The money-losing national carrier has been holding talks with major stakeholders since the government took back control over it at the end of last year. The airline has chalked up US$800 million (J$49.3 billion) in liabilities and needs to cut its costs in order to survive.

"We have been looking at variation in work rules since January," the source said. "Last week JALPA broke off talks on this."

Some agreement had been reached on cuts in the basic salary of the pilots allowing for a small reduction of about 6 per cent. But the talks foundered when it came to the other elements in the pilots' compensation package.

The issue is not an easy one for the highly-paid pilots to swallow because the changes would mean a US$12 million (J$744 million) cut in their pay package. The airline now has 180 pilots, a reduction from 220 in December, so the average pilot would end up losing millions of dollars in compensation.

With the breakdown in negotiations, Air Jamaica decided to make the pilots redundant and hire those willing to work on better terms for the airline.

The breakdown in talks has had serious consequences as JALPA is a Bustamante Industrial Trade Union affiliate. When the union called the Ministry of Labour to arbitrate the talks and that failed on Sunday, the BITU announced the following day that it was pulling out of a Memorandum of Understanding signed by Jamaica's public sector union representatives and the Government.

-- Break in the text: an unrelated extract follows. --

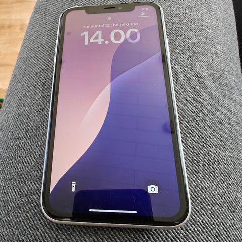 Apple iPhone älypuhelin, tallennustila 64 GB. Puhelimessa on kosketusnäyttö ja etupaneelissa kotipainike. Väri vaalea/valkoinen. Kuvatun puhelimen näytössä ja reunassa näkyy halkeamia. Mukana vaalea marmorikuvioinen suojakuori. Soveltuu peruskäyttöön, kuten puheluihin, viestintään ja sovellusten käyttöön, kunhan laitteen tekninen kunto vastaa ostajan tarpeita. Akku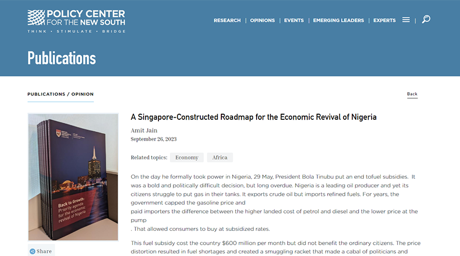 Centre Director and Author Amit Jain captures the essence of his policy recommendation report Back to Growth: Priority Agenda for the Economic Revival of Nigeria in this article published by the Policy Centre for the New South.

That threat to the country's financial and labour relations stability has prompted the Government's current push to try once again to hammer out an agreement with the pilots.

The new negotiations started on Wednesday are likely to be very difficult. The pilots have been refusing to make the changes in their work rules from February last year when a JALPA negotiating team hammered out an agreement with the then AJAG management team involving some of the elements now under discussion. That agreement was subsequently repudiated by the JALPA executive.